Soft tops in hot countries like Spain etc are perfect for late afternoon/evening cruising. Nobody will keep the top open midday, you will fry alive at 35C +.


----------



## jam (May 8, 2002)

apparently in 2000 (i think) there were more soft tops sold in greater manchester than in the entire of spain

something like that anyway


----------



## Kell (May 28, 2002)

From what I've read, in countries which are hot all the time, the locals prefer to drive hard-top cars with air-con.

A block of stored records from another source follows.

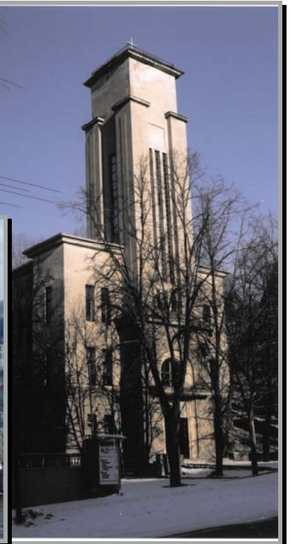
Reformed church in Kaunas, Lithuania
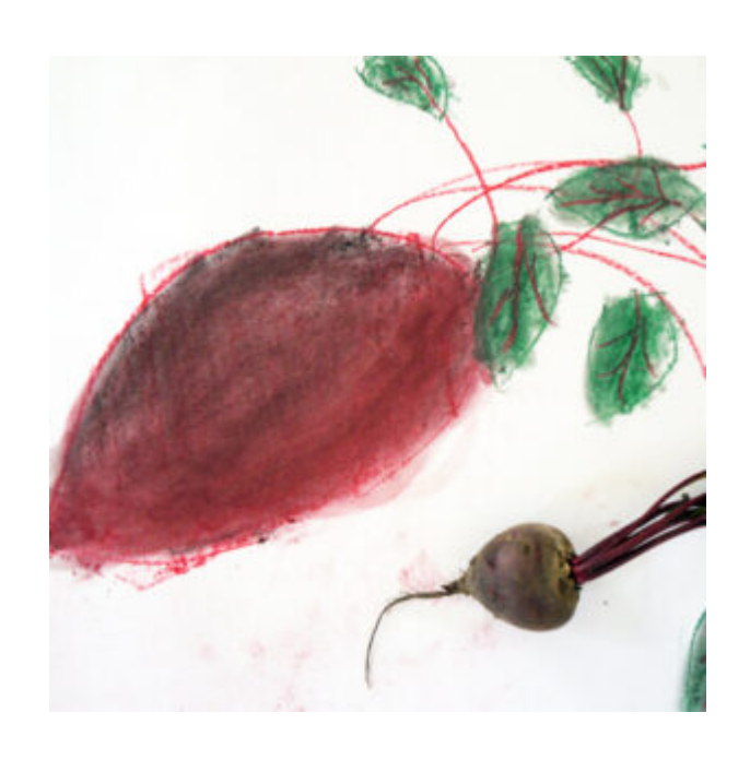
clay fruit tiles
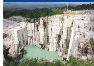
Rock of Ages Granite Quarry
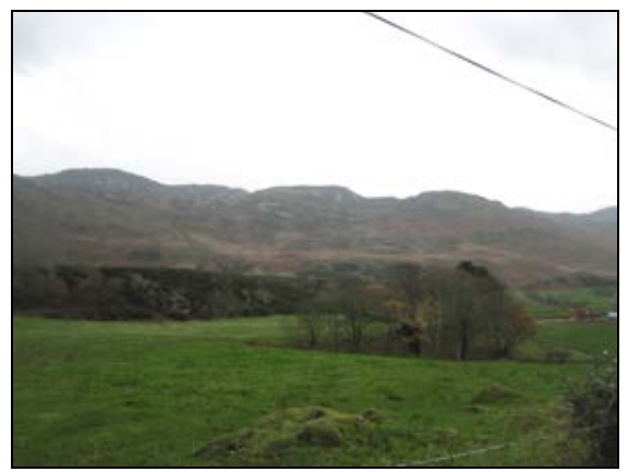
The cliff of Devonian sandstones at Knockalla, with the Leannan Fault along the hillslope behind.
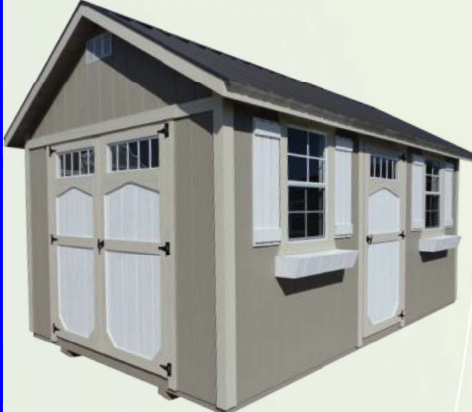
Deluxe Garden Shed With Roof Overhang
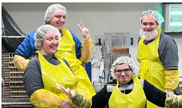
Job Training Students at Heinen's in Chardon
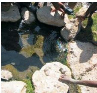
Studying the Songwe River basin, Malawi & Tanzania
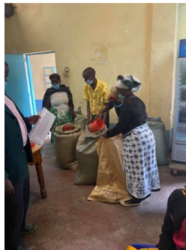
Grains and cereals are among food staples that the KCF team in Masii, Kenya, distributes each month.
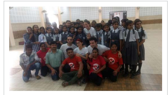
Participants at workshop on self defence
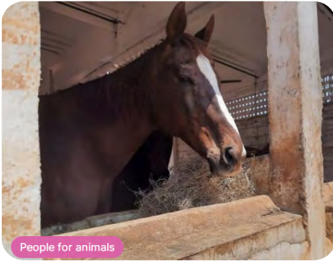
People for animals

Our CSR initiatives are aligned with our larger goals, and every step we take is to make a meaningful difference on communities, animals and the environment.
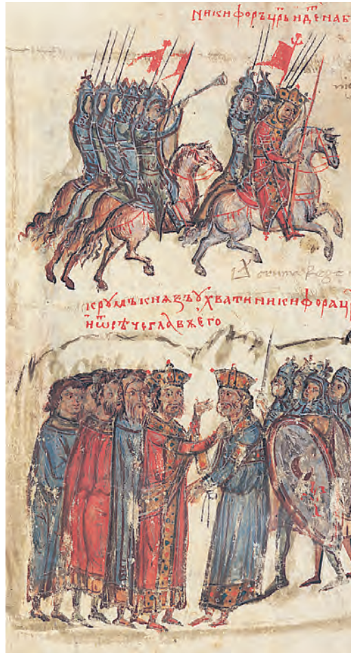
This illustration from a twelfth-century manuscript depicts ninth-century incursions of Bulgarians into Byzantine territory, culminating in a lecture by the Bulgarian king to the Byzantine emperor, shown here with bound hands.

The creation of a written Slavic language enabled Slavic peoples to organize complex political structures and develop sophisticated traditions of thought and literature. More immediately, the Cyrillic alphabet stimulated conversion to Orthodox Christianity. Missionaries translated the Christian scriptures and church rituals into Slavonic, and Cyrillic writing helped them explain Christian values and ideas in Slavic terms. Meanwhile, schools organized by missionaries ensured that Slavs would receive religious instruction with their introduction to basic literacy. As a result, Orthodox Christianity deeply influenced the cultural traditions of many Slavic peoples.

Normally in lighter colurs too to help reflect the heat.

It's mainly countries where it's not hot all the time that enjoy soft-top motoring precisely because we don't get the opportunity to do it every day.


----------



## garyc (May 7, 2002)

Come Thursday - all you ragtop drivers will be feeling VERY smug - unless you are in asmoggy area.

25 degrees forecast, 8) 8) 8) 8) 8) 8) 8) 8)


----------



## tt500 (Nov 29, 2002)

I think after a while the sun starts going to your head, then you do silly things like paint rings and things on yer car.










Don't worry, he's not logged in. ;D


----------



## bec21tt (Feb 27, 2003)

> I think after a while the sun starts going to your head, then you do silly things like paint rings and things on yer car.
> 
> 
> 
> ...


lol

Funniest i've seen today


----------



## TTotal (Aug 12, 2002)

Funny how the COOPS ( Co-ops ?) always get a bit tetchy this time of year eh ?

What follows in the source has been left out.